Compensation for executive officers consists of salary, bonus, restricted stock
awards and stock option grants. Bonuses, restricted stock awards and stock
option grants are based in part on Company performance.

Stock Options

     Stock options and equity ownership in the Company provide a direct link
between executive compensation and shareholder value. Stock options also create
an incentive to remain with the Company for the long term since the options are
not immediately exercisable. In addition, pursuant to the 1993 Stock Option
Plan, unexercised options are forfeited immediately if the employee leaves
voluntarily (for any reason other than death, disability or retirement) or is
terminated for cause, and are forfeited within three months if employment is
terminated before retirement for any reason other than death or disability;
pursuant to the 1997 Stock Option Plan, unexercised options terminate
immediately if employment is terminated for cause or voluntarily by the employee
for any reason other than death, disability or retirement.

     Stock options are granted pursuant to the Company's 1997 Stock Option Plan
at the discretion of the Company's Compensation Committee. It has been the
Compensation Committee's practice to grant options on an annual basis at the
conclusion of the Company's fiscal year. In determining the number of options to
be granted to the Company's employees, the Compensation Committee relies in
large part on the recommendation of the Company's Chairman and Chief Executive
Officer, which recommendation is made in the context of guidelines established
by the Compensation Committee. Following the conclusion of fiscal 1997, the
Compensation Committee suspended its past practice of relying on a formulaic
approach of granting options in order to give greater emphasis on the
individual's potential for future responsibility and promotion over the option
term. The Compensation Committee has established guidelines that provide for
various levels

                                       16
<PAGE>

of option grants to classes of employees based upon the level of responsibility
within the Company.

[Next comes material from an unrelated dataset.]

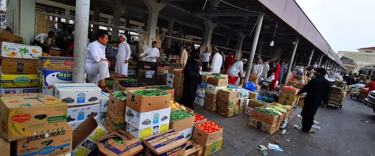 Grand marché en gros/détail de fruits et légumes frais. Les prix les plus bas de Médine. Ouvert presque 24h/24. Idéal pour les achats en gros pour les familles.

However, the Compensation Committee does not adhere strictly
to the guidelines and may occasionally vary the size of the option grant made to
particular individuals.

Cash Bonuses

     In December 1994, the Compensation Committee adopted guidelines for annual
cash bonus awards, which guidelines are used by the Company's Chairman and Chief
Executive Officer in his recommendations to the Compensation Committee regarding
the annual bonus awards. Under the bonus program adopted by the Compensation
Committee, executive officers are eligible for an annual bonus in an amount up
to a specified percentage of the executive officer's salary. These percentages
currently range from 25% to 50%. Within these parameters, the bonuses are at the
discretion of the Compensation Committee.

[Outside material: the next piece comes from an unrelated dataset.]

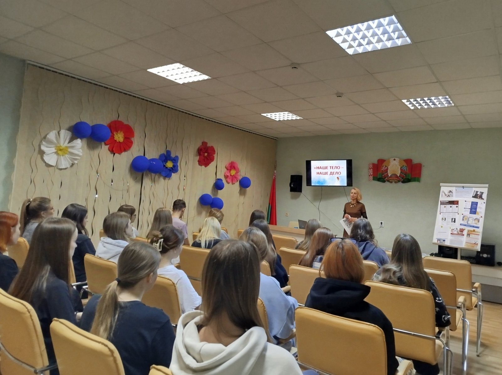31 октября 2024 года в рамках проведения комплекса мероприятий, направленных на противодействие преступлениям против половой неприкосновенности и половой свободы несовершеннолетних, обороту детской порнографии, в общежитии колледжа с учащимися 2 курса проведено занятие «Наше тело – наше дело».

     In making bonus recommendations to the Compensation Committee for the 1999
fiscal year, the Chief Executive Officer evaluated each bonus-eligible
employee's performance against targets established for the areas of the
Company's operations under their supervision, the Company's performance against
its financial targets and the executive officer's impact on the Company's
performance over a number of years. In setting bonuses for fiscal 1999, the
Compensation Committee considered the recommendations of the Chief Executive
Officer.

Long Term Incentive Plans

     In fiscal 1999, the Compensation Committee engaged an outside executive
consulting firm to review its short and long term compensation plans. After
considering the consulting firm's report, the Compensation Committee concluded
that the Company's long term compensation program was neither effective nor
competitive, in part, because previously granted stock options had exercise
prices significantly higher than the fair market value of the Company's Common
Stock. As a result, "underwater" stock options were no longer providing
sufficient incentive to induce employees to remain with the Company or motivate
them towards improving the Company's overall financial performance during a
critical transition period for the Company. In view of the diminished value of
the stock options, and in light of the significant role stock options have
played in employees' overall compensation, the Compensation Committee determined
that it would be in the best interest of the Company's shareholders to implement
the Long Term Plans that were designed and recommended by its outside
consultants. The Long Term Plans give significant weight to "equity-based"
components which directly align long term executive compensation with the
Company's strategic plan to enhance shareholder value. After weighing the
benefits and detriments of implementing the Long Term Plans, the Compensation
Committee decided to adopt the Long Term Plans because it believed that they
were a necessary tool to induce employees, including executive officers, to
remain with the Company and provide the additional efforts needed during this
very critical time in the Company's history. See "- Compensation of Executive
Officers and Directors - Long Term Plans."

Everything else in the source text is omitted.